4.5 Qualitative Results
4.5 定性结果
We compare qualitative results with the state-of-the-art Vote2Cap $\mathrm{DETR++}$ model [13] in Figure 3. It can be seen that our method can accurately describe the attributes and categories of 3D scenes.

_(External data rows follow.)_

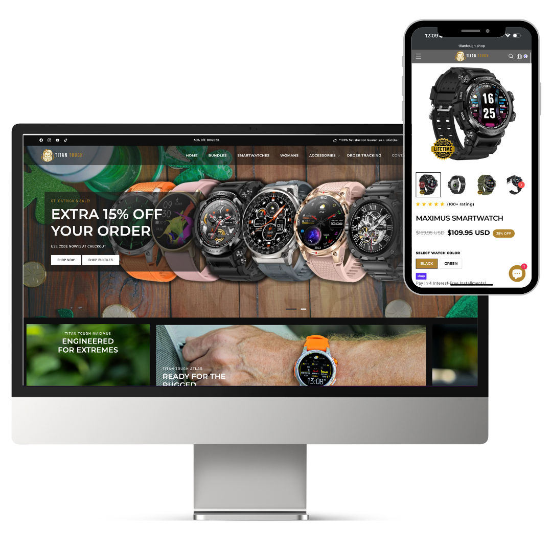 Boost Miami designed and developed a fully optimized e-commerce website for Titan Tough Watches. The site was built with a focus on seamless navigation, high-quality product presentation, and a smooth purchasing experience. From mobile-friendly design to conversion-optimized product pages, the website serves as the brand’s primary digital storefront.
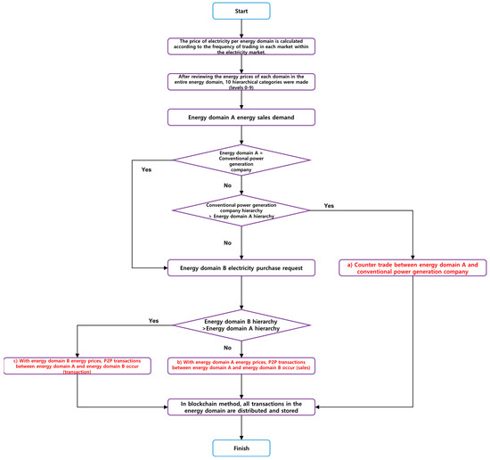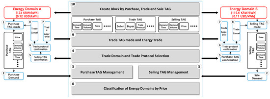 Figure 4 illustrates an overview of how energy transactions on the blockchain-based energy transaction platform are made between the seller and buyer. Energy domains are initially classified based on the current price, and the purchase or selling tags for each transaction are made. According to the current domain price hierarchy and purchase/sale demand, the trade domain and trade protocol undergo selection. Once the selection is made, the purchase/sale confirmation tag is confirmed by the seller and buyer, and the trade protocol is confirmed, which is when the ledger and block are generated to validate the transaction. Finally, once all the transactions are made, the block with information of the transaction added to the chain.
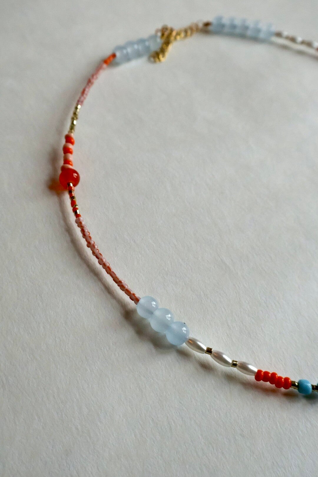 Deze handgemaakte ketting is uniek in zijn soort. Hij valt als een kort model mooi om te hals en is daardoor goed te combineren met andere sieraden.
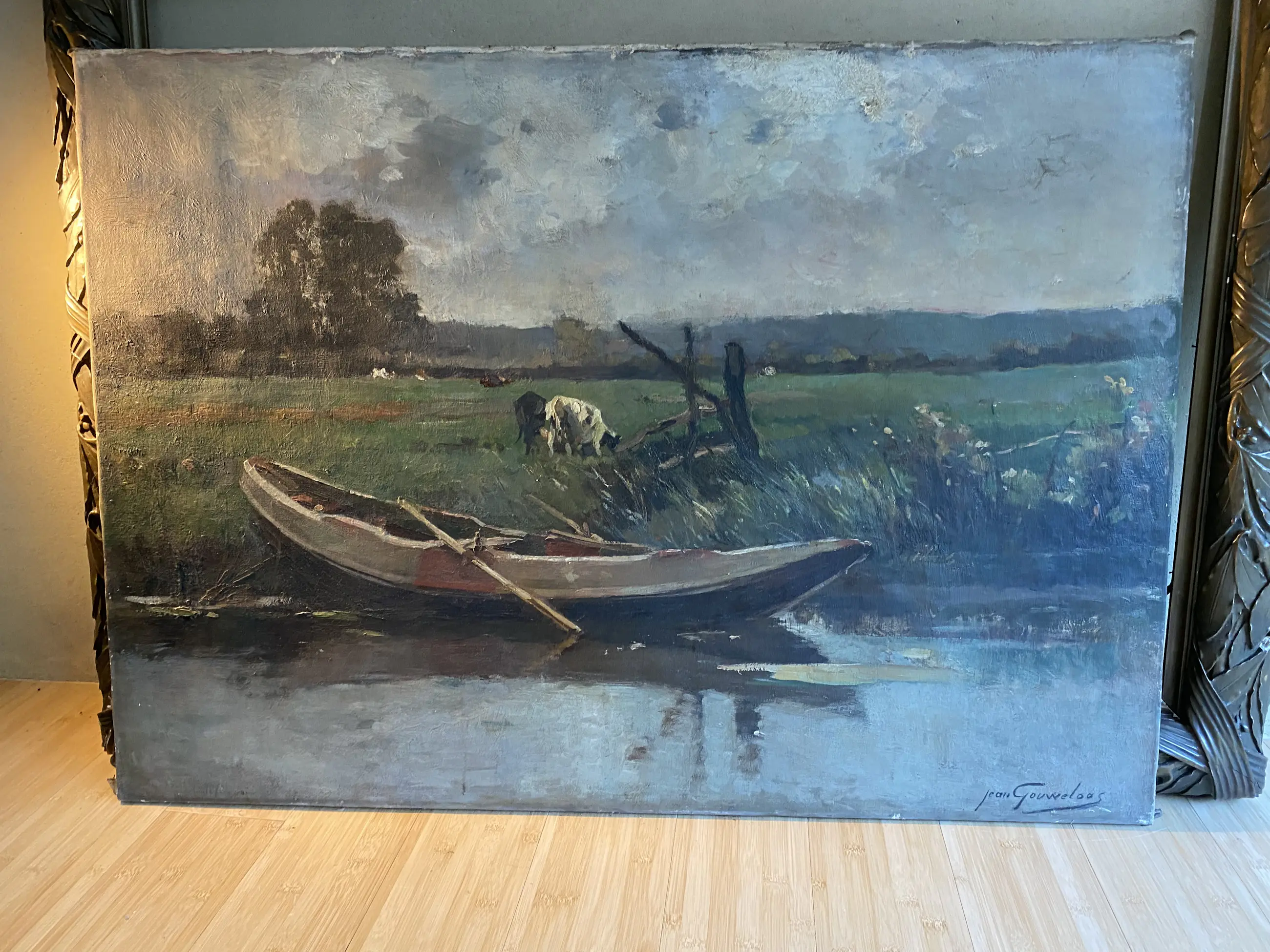Olieverfschilderij van Jean Gouweloos met een landschap van het platteland met een boot op een beekje.

我们在图 3 中与最先进的 Vote2Cap $\mathrm{DETR++}$ 模型 [13] 进行了定性结果对比。可以看出,我们的方法能够准确描述 3D 场景的属性和类别。
5 Conclusion
5 结论
In this work, we propose 3D CoCa, a unified contrastive-captioning framework for 3D vision-language tasks. By jointly learning contrastive 3D-text representations and caption generation within a single model, 3D CoCa eliminates the need for any explicit 3D object detectors or proposal stages. This unified approach enables direct 3D-to-text alignment in a shared feature space, leading to improved spatial reasoning and more precise semantic grounding compared to previous methods. Experiments on two widely used datasets validate that our proposed 3D CoCa model significantly outperforms existing methods across standard captioning metrics and proves the benefits of our contrastive learning strategy.
在本工作中,我们提出了3D CoCa,一个用于3D视觉语言任务的统一对比-描述框架。通过在一个单一模型中联合学习对比式3D-文本表征和描述生成,3D CoCa消除了对任何显式3D物体检测器或提案阶段的需求。这种统一方法能够在共享特征空间中实现直接的3D到文本对齐,与先前方法相比,带来了改进的空间推理和更精确的语义基础。在两个广泛使用的数据集上的实验验证了我们提出的3D CoCa模型在标准描述指标上显著优于现有方法,并证明了我们对比学习策略的优势。